[Source data]

.....

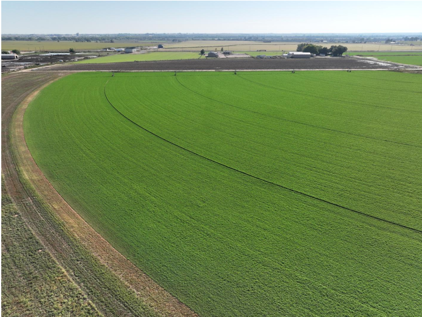
Photo 4. Drone aerial imagery taken west of well location, facing east (displaying the well and access road).
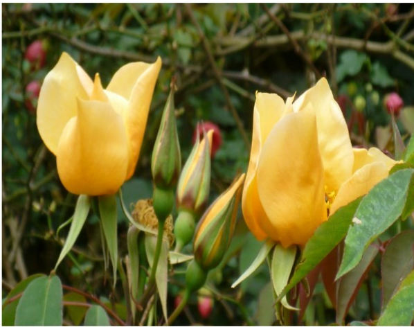
Amber Cloud Reve d'Or x R.gigantea Effect of R.gigantea

Apart from the introduction of R.foetida genes, fresh infusion of R. gigantea leads to brighter colors..
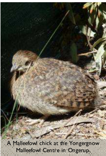
A Malleefowl chick at the Yongergnow Malleefowl Centre in Ongerup.
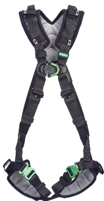
V-FIT, BACK&CHEST D-RING, SHOULDER LOOP, QUICK CONNECT
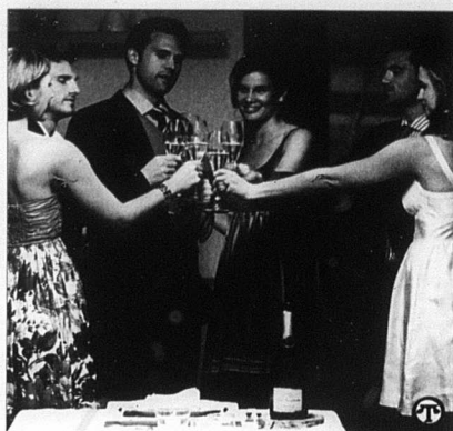
Chilling bottles of a classic aperitif in vintage silver buckets will lend old-world elegance to any table.
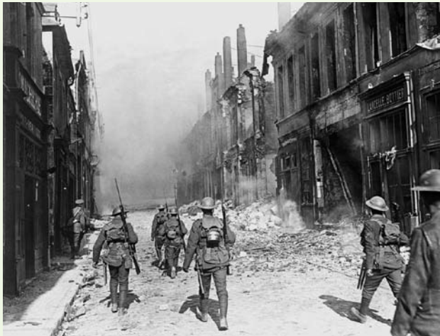
U.K. forces march into Cambrai, France, during World War I.
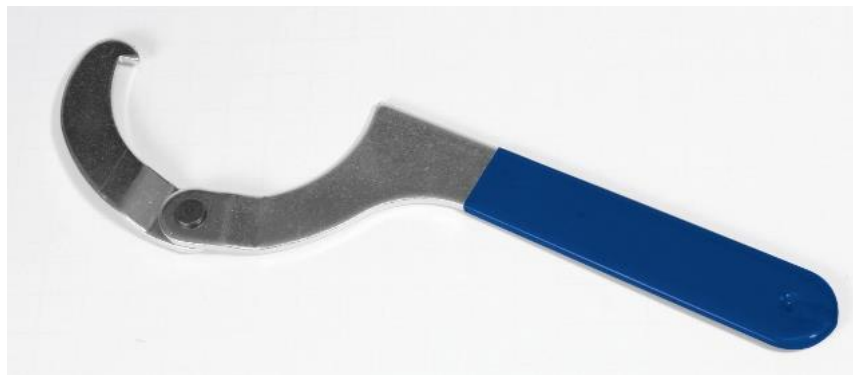
Figure 2 – Detroit Speed Spanner Tool
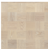
Noble Oak Brooklyn
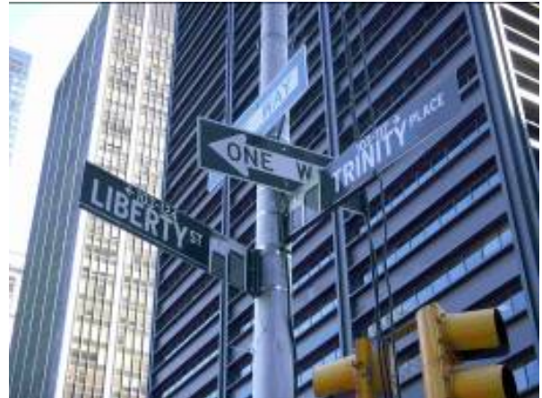
Street signs at southeast corner of WTC site

from the southeast block corner looking out to the northwest
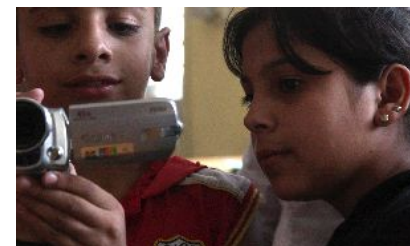
Youth in a Digital Storytelling Workshop in the Shu'fat refugee camp, Aug 2008
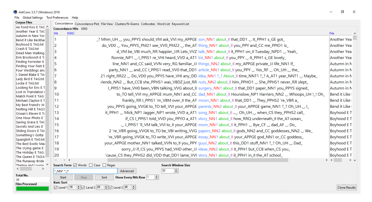
Figure 1 Sample of query results using the POS-tag sequence 'noun + preposition'.

The concordances retrieved through the search for POS-tag combinations in AntConc were manually checked to prevent false positives, and in some cases, concordances were sorted into categories following functional criteria. For example, Figure 1 displays the concordances obtained when searching for nouns followed by prepositions. Since these contained both post-modifying and adverbial PPs, the occurrences needed to be sorted into two categories. Once the data were cleaned and sorted, frequencies of occurrence were normalised per 100,000 words.
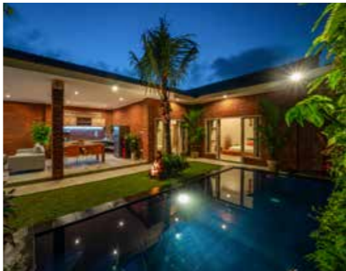
Use at home
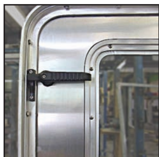
Dog handle, Inside with tang
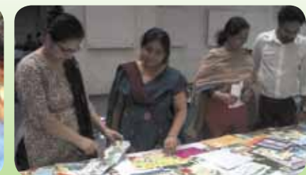
Joy of Reading Program: Book Exhibition for Employees

.....

What needs to be done – Each line above is to be transcribed exactly, though its pictures are not.

Output for this exercise –
Photo 4. Drone aerial imagery taken west of well location, facing east (displaying the well and access road).
Amber Cloud Reve d'Or x R.gigantea Effect of R.gigantea

Apart from the introduction of R.foetida genes, fresh infusion of R. gigantea leads to brighter colors..
A Malleefowl chick at the Yongergnow Malleefowl Centre in Ongerup.
V-FIT, BACK&CHEST D-RING, SHOULDER LOOP, QUICK CONNECT
Chilling bottles of a classic aperitif in vintage silver buckets will lend old-world elegance to any table.
U.K. forces march into Cambrai, France, during World War I.
Figure 2 – Detroit Speed Spanner Tool
Noble Oak Brooklyn
Street signs at southeast corner of WTC site

from the southeast block corner looking out to the northwest
Youth in a Digital Storytelling Workshop in the Shu'fat refugee camp, Aug 2008
Figure 1 Sample of query results using the POS-tag sequence 'noun + preposition'.

The concordances retrieved through the search for POS-tag combinations in AntConc were manually checked to prevent false positives, and in some cases, concordances were sorted into categories following functional criteria. For example, Figure 1 displays the concordances obtained when searching for nouns followed by prepositions. Since these contained both post-modifying and adverbial PPs, the occurrences needed to be sorted into two categories. Once the data were cleaned and sorted, frequencies of occurrence were normalised per 100,000 words.
Use at home
Dog handle, Inside with tang
Joy of Reading Program: Book Exhibition for Employees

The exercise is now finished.